Work to be completed -
Starting at the line that contains "LOGIKA POSISI |" and stopping at the line that contains "Dámská sukně s", restate each line of the records below exactly. Omit the pictures.

Data under study -
━━━━━━━━━━

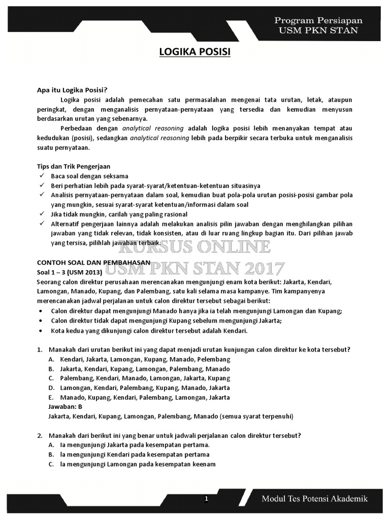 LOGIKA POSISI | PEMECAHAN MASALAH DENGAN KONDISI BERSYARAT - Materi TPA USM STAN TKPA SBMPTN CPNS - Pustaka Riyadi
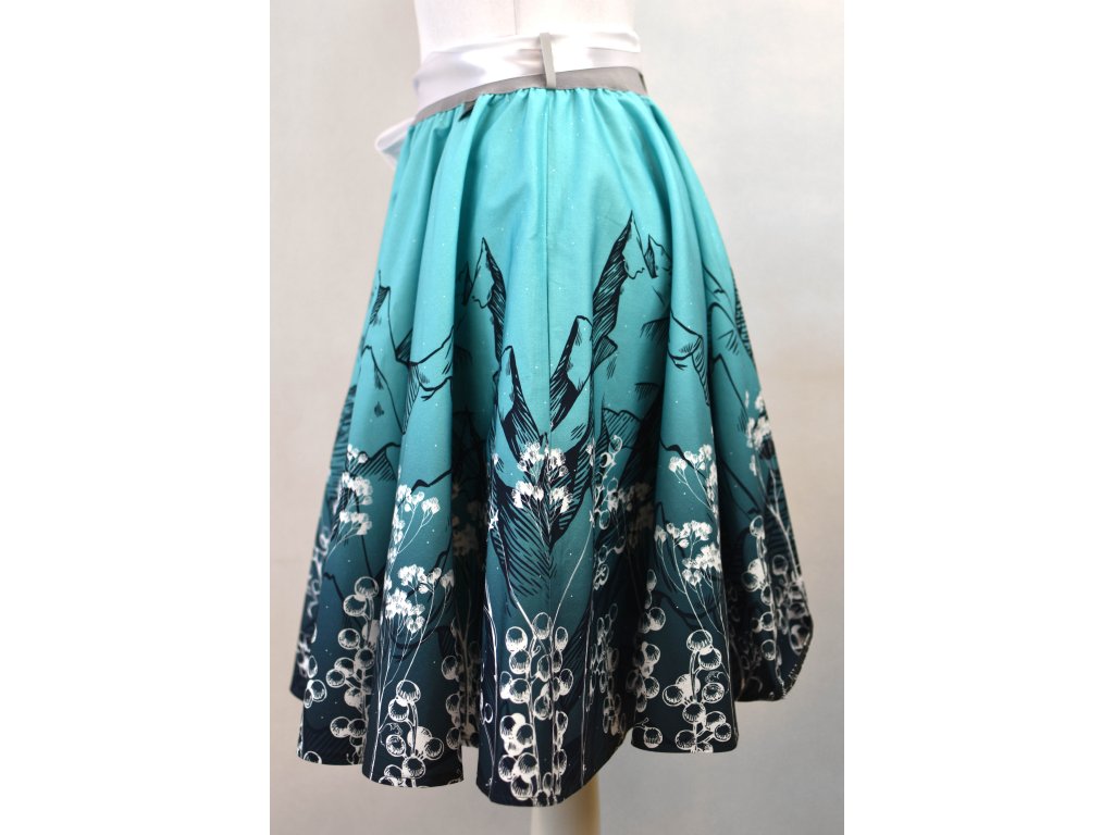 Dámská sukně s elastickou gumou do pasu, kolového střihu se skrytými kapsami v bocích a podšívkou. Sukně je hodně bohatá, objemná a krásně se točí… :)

━━━━━━━━━━

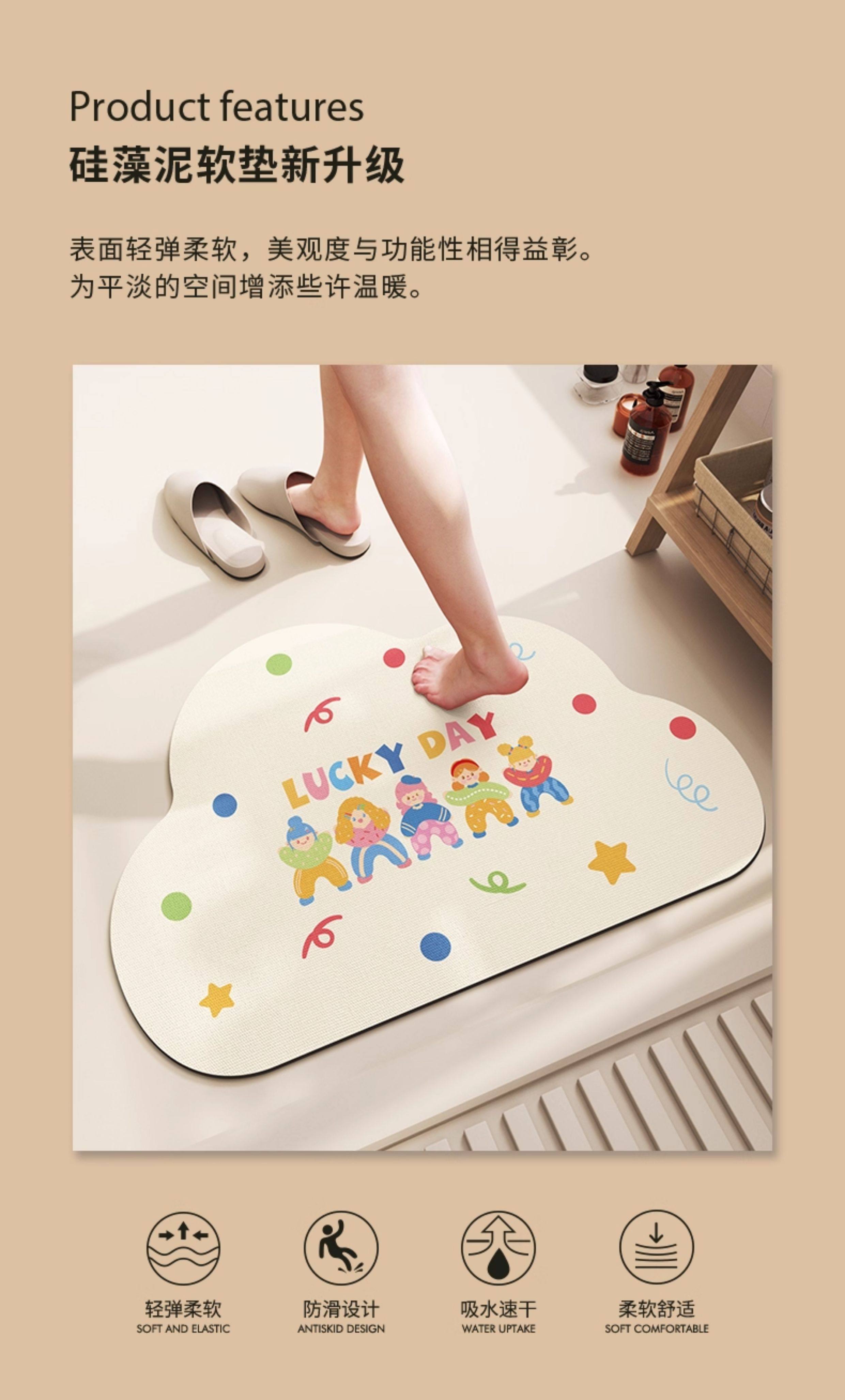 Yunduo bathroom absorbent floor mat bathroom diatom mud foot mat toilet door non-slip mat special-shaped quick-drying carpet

━━━━━━━━━━

Response for this exercise -
 LOGIKA POSISI | PEMECAHAN MASALAH DENGAN KONDISI BERSYARAT - Materi TPA USM STAN TKPA SBMPTN CPNS - Pustaka Riyadi
 Dámská sukně s elastickou gumou do pasu, kolového střihu se skrytými kapsami v bocích a podšívkou. Sukně je hodně bohatá, objemná a krásně se točí… :)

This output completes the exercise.